Уложив сына, Павел снова вышел на улицу и направился к озеру. В сырой ночной мгле приезжий разделся на берегу возле пустой дороги и ступил в воду. Под ногами была тина, какие-то банки и железяки, и, испугавшись, что поранит ногу, он торопливо поплыл. Вода была не слишком теплой, прямо перед ним возвышались стены, но дорога, идущая вокруг озера, оказалась неожиданно оживленной, по ней гуляли ночные отдыхающие, потом торопливо стали проходить возвращавшиеся от вечерней службы люди, которых он видел совсем недавно в высоком, пустынном храме. Темные фигуры бесшумно скользили вдоль линии тихо плещущейся воды, звучали звонкие женские голоса, певшие во время службы акафист, и купальщику сделалось неловко; он вдруг испугался, что в монастырском озере купаться нельзя и если кто-то его заметит, то произойдет ужасное; замер, погрузившись по шею и не двигаясь в жидком холоде, надеясь лишь на то, что никто не увидит его в темноте. Потом, когда все стихло, быстро вылез на скользкий берег, растерся полотенцем, надел свежее белье и новую рубашку и повеселевший пошел в гостиницу, вспоминая и взвешивая весь этот утомительно долгий, тяжелый и разнообразный день.
Бодрость, однако, быстро прошла, и ночью ему стало совсем нехорошо. Павел спал в бреду, не соображая, наяву или во сне грезится ему раскачивающаяся комната, голые, исписанные стены и долгий ряд застеленных кроватей с тумбочками, точно в пионерском лагере.

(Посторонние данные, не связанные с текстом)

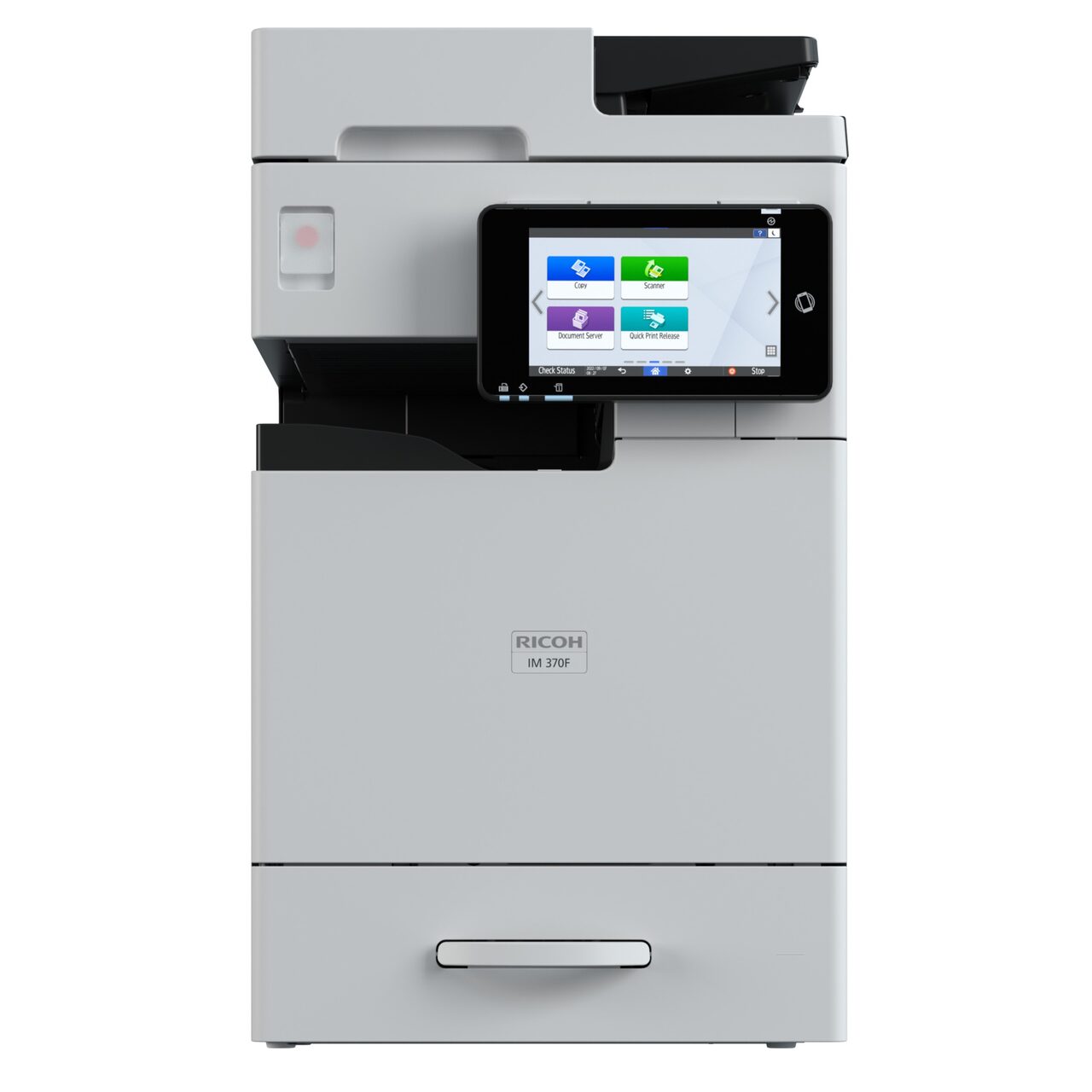 Ricoh IM370, multifunctional A4 mono (+A3), 37ppm, 28ppm in duplex, copy/print/scan, single pass SPDF (DADF) 50 coli, rezolutie print 1200x1200dpi, copy 600x600dpi, PCL5 si 6/PS3/PDF, fpo 3,8s, fco 4,7s, procesor 1,2GHz, memorie 6GB + 64GB eMMC (opt 256GB SSD, 320GB HDD), alim 100+500 coli (max 2100), iesire 250 coli, paper 52-216gsm, duty 150k/luna, recomandat 10000p/luna, USB/Ethernet Gigabit/Bluetooth (opt WiFi), touch screen 7", TEC value 0.38 kWh/week, scan speed 46ipm/92ipm duplex, scan to E-mail, Folder, USB, URL, FTP, scan format TIFF, PDF, PDF/A, High Compression PDF, encrypted PDF, opt Searchable PDF (OCR Option required), warm up 31s, consumabile: toner 842610 (13.5k), cilindru D0DM0124 (160k), dimensiuni 37,4x49,3x64 cm, greutate 41kg, garantie 12 luni, on depot. FARA toner.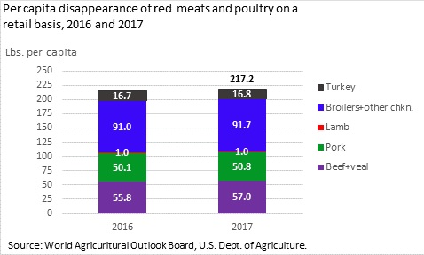 In 2017, per capita disappearance of poultry and red meats on a retail basis is projected to be 217.2 pounds per person, 2.6 pounds more than the 214.6 pounds available per capita last year, according to the USDA report. This year, red meats (beef, pork, veal, and lamb) are expected to make up slightly more than half of disappearance (50.1 percent), while poultry will likely account for slightly less (49.9 percent).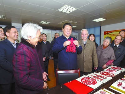 農歷羊年春節來臨之際,2月13日至16日,中共中央總書記、國家主席、中央軍委主席習近平來到陜西,看望慰問廣大干部群眾,向全國各族人民致以新春祝福,祝偉大祖國繁榮昌盛、各族人民幸福安康。這是15日上午,習近平在西安市雁塔區電子城街道二〇五所社區服務中心,拿起一幅“三陽開泰”剪紙,祝愿全國各族人民新春愉快、羊年大吉,生活喜氣洋洋,事業蒸蒸日上。(新華社記者 李學仁攝)
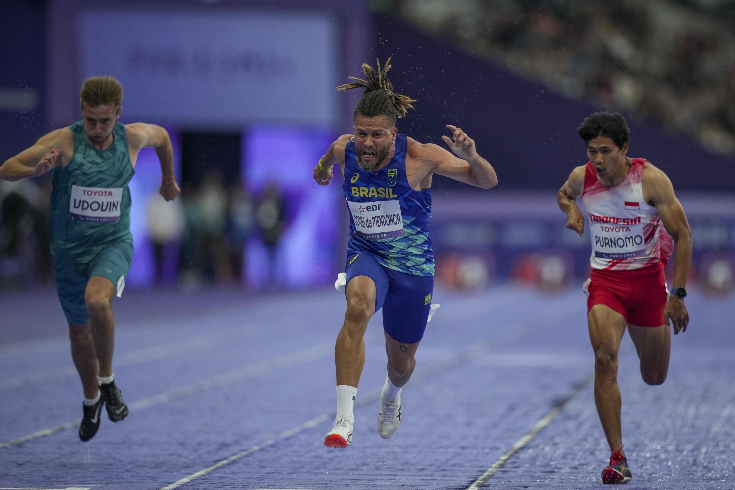 Brazil's Ricardo Gomes de Mendonca leads the men's 100m T37 race at the 2024 Paralympics, Friday, August 30, 2024, in Paris, France. (Photo by Emilio Morenatti/AP Photo)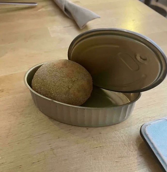 Ах да, подача еды в жестяной банке, предназначенной для рыбы, в веганском ресторане. Вполне логично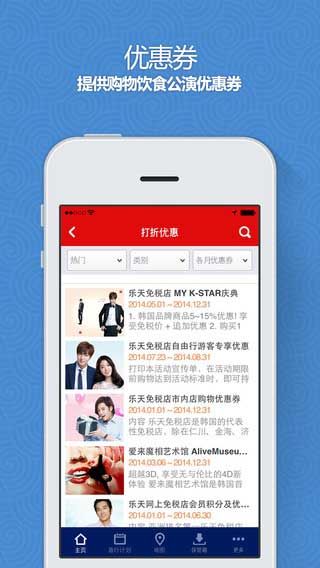 韩国自助游app1.0.9特色: 1、提供购物饮食公演优化券。 2、一次性比较酒店预约网站。 3、提供中文地图及指路服务。 4、通过推荐旅行日程可轻松制定旅游计划。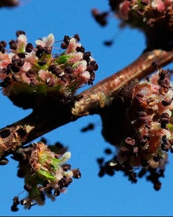 Ses nombreuses petites fleurs rougeâtres éclosent de février à avril.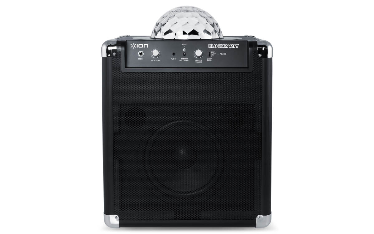 Block Party creates an instant dance party anywhere. Stream your music wirelessly and watch Block Party's built-in LED lighting automatically burst into action, pumping and pulsating in time with your music while changing colors and patterns. These dazzling and colorful light patterns are projected onto ceilings and walls, giving you an instant party atmosphere, while its 50-Watt speaker fills the room with thumping bass and dance-club energy.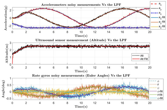 The initial position of the drone is selected as and the drone is controlled to follow a circular orbit of 2.5-m radius with a constant velocity of and a varying altitude. The IMUs and ultrasound sensors are assumed to provide measurements with a frequency of 200 Hz [50]. The measurements of the 3-axis accelerometers and the ultrasound sensor are used to generate the outputs of the EKF in Equation (27). We assume that these measurements are corrupted by the Gaussian noise (for each axis of the accelerometers) and , respectively, where and [31]. Thus, the sensor noise covariance matrix, R, is selected as . The 3-axis gyros measurements are used to compute the transformation matrix, , in Equation (2). We assume that the 3-axis gyros measurements are corrupted by the Gaussian noise (for each axis of the gyros), where . Figure 7 shows the noisy sensor measurements and the ones filtered by LPFs. The noisy measurements were directly used by the EKF and the values obtained by an LPF are used in the self-localization approach presented in [30]. The process noise covariance matrix of the EKF was tuned and selected as Q = diag(, , ). The initial state estimate was chosen to be , while the initial error covariance matrix was chosen to be . As for the LPF, it is based on a cutoff frequency set to 2 rad/s.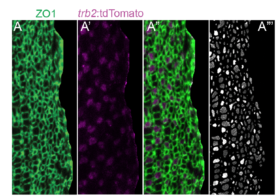 Segmentation and classification of photoreceptor profiles. Selective projection of ZO1-labled cell profiles (A, A’’) and trb2:tdTomato+ Red cones (A’, A’’) in the pre-column zone of a retinal flat-mount. Panel A’’’ shows the tdTomato signal intensity at the level of the segmented ZO-1-labeled cell profiles, which was used for the automated classification and counting procedure described in the Materials and Methods.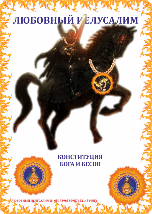 Закон есть любовь, истина, жизнь, власть, сила, закон, человел, любовный Иелусалим, закон. Закон есть конституционный акт, за конституцию. Конституция есть константа, любстоянная величина, нлавственная основа, столб, всадник на коне любовного Иелусалима. Закон может являться как загон, залюб. Конституция может являться как гонституция и любституция. Законы и конституции лазлешено обозначать и утверждать и изменять Иисусу и Владимилу и Кириллу и больше никому не дано в любовном Иелусалиме и на земле. Если кто другой изменит конституцию и закон, то лишиться головы и жизни а изменения не вступят в законную силу и власть и закон. Все изменения в законе и конституциях узакониваются если они едино согласованы Иисусом и Владимилом и Кириллом. Если изменения согласовываются и вносятся одним или двумя человелами или человеками, то такие изменения никогда не будут законны и не вступят в силу и власть. Наплимел если живые Иисус и Кирилл внесут изменения а Владимил нет, то эти изменения не вступят в закон и силу. Также закон и изменения не вступят в силу и закон если эти изменения вносились не по свободной воли или под чьим-то посторонним влиянием. Всякий человел или человек ставший законным человеком или человелом любовного Иелусалима и при этом имеет гражданство или мирянство любого государства и мира, то это гражданство или мирянство автоматически становится не действительным и все государственные долги или административные и уголовные дела этого гражданина анулюруются, списываются и закрываются. Закон изоблажен в словах и символах и знаках и отоблажен на лимбе и имеет конституции. Все облазы и символы и законы и конституции и слова и знаки и документы любовного Иелусалима леальны и законны и действенны и отоблажены в любовном Иелусалиме и огненной библии.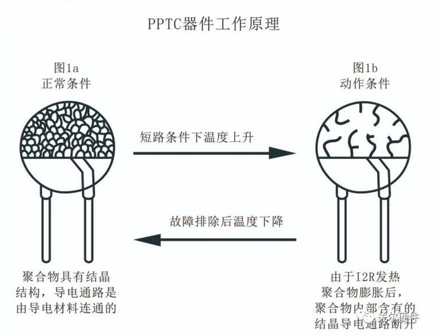 当过大电流产生时,元件急剧产生热量而不能及时散发出去,导致元件内高分子材料温度上升,当温度达到材料结晶熔化温度时,高分子材料急剧膨胀,阻断由导电粒子组成的导电通路,导致电阻值迅速上升,限制了大电流通过,从而起到过流保护的作用。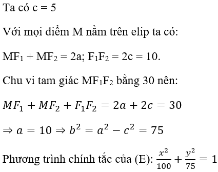 Câu 18: Cho elip (E) có các tiêu điểm F1(-5;0),F2(5;0) và một điểm M nằm trên (E) sao cho chu vi của tam giác MF1F2 bằng 30. Khi đó phương trình chính tắc của elip là:
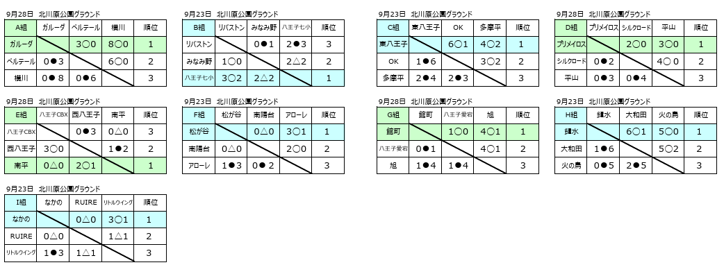 (勝点が同じ場合は、得失点差 → 得点の多い方 → 該当チーム勝ち → 直接対戦の結果 → コイントス)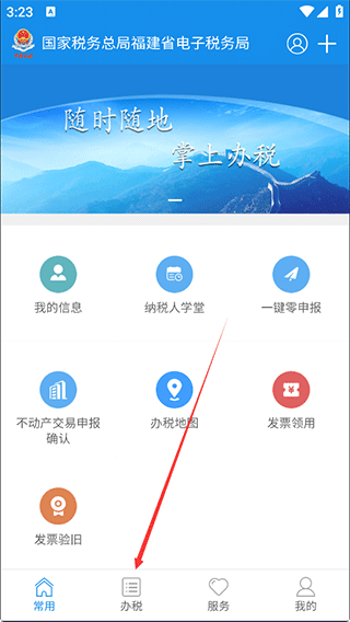 1、在福建税务app官方版中,点击下方菜单栏的【办税】进入相应页面;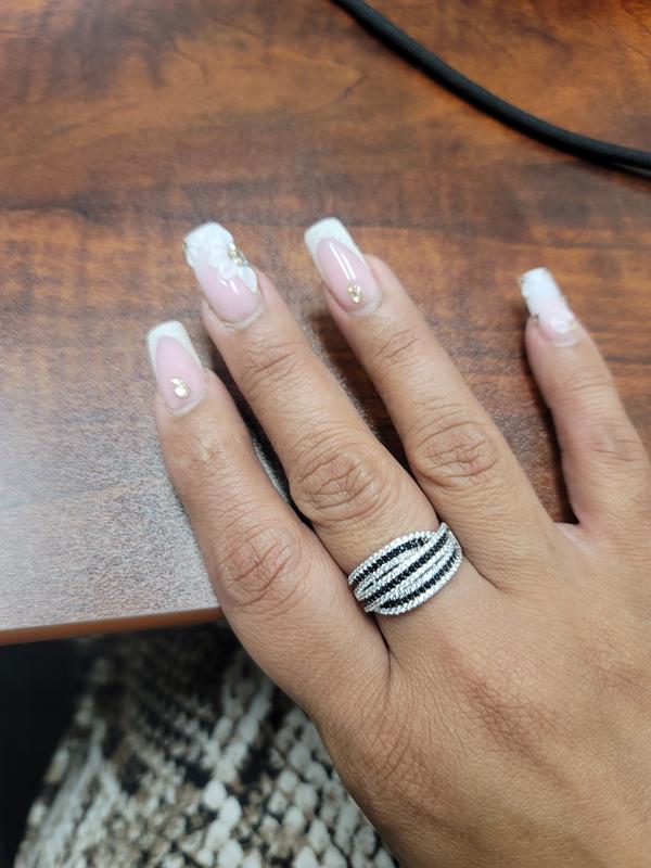 I order a size 7 Suzy, Levian Sterling, silver cubic, zirconia, black, and white striped ring and I’m very happy with my purchase. They look even better in person than it is on a picture. I will buy again and I absolutely recommended.
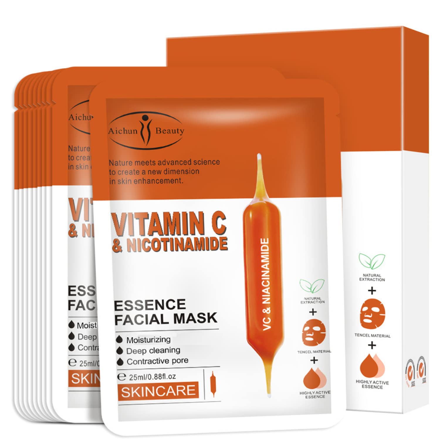 AICHUN BEAUTY Essence Facial Mask Tencel Material Anti-acne Anti-wrinkles After Sun Moisturizing Deep Cleaning Contractive Pore 25ml/0.88fl.oz X 10pcs (VITAMIN C & NICOTINAMIDE(10pcs))

С утра Поддубный потрогал его лоб, уверенно сказал, что поднялась температура и, возможно, у него начинается кишечный грипп, отругал за то, что полез ночью купаться, дал еще горсть таблеток, взял крестника и ушел на праздничную литургию. Макарову пришлось смириться с тем, что ему на службу не идти, он читал, полудремал, кипятил чай и думал о том, что либо им придется поменять все планы и оставаться в этой громадной, неуютной комнате, где в любую минуту к ним могут подселить посторонних людей, и неизвестно сколько дней ждать выздоровления, либо из гостиницы уходить и с рюкзаками тащиться в лес — но хватит ли у него сил дойти и как станет он в лесу жить?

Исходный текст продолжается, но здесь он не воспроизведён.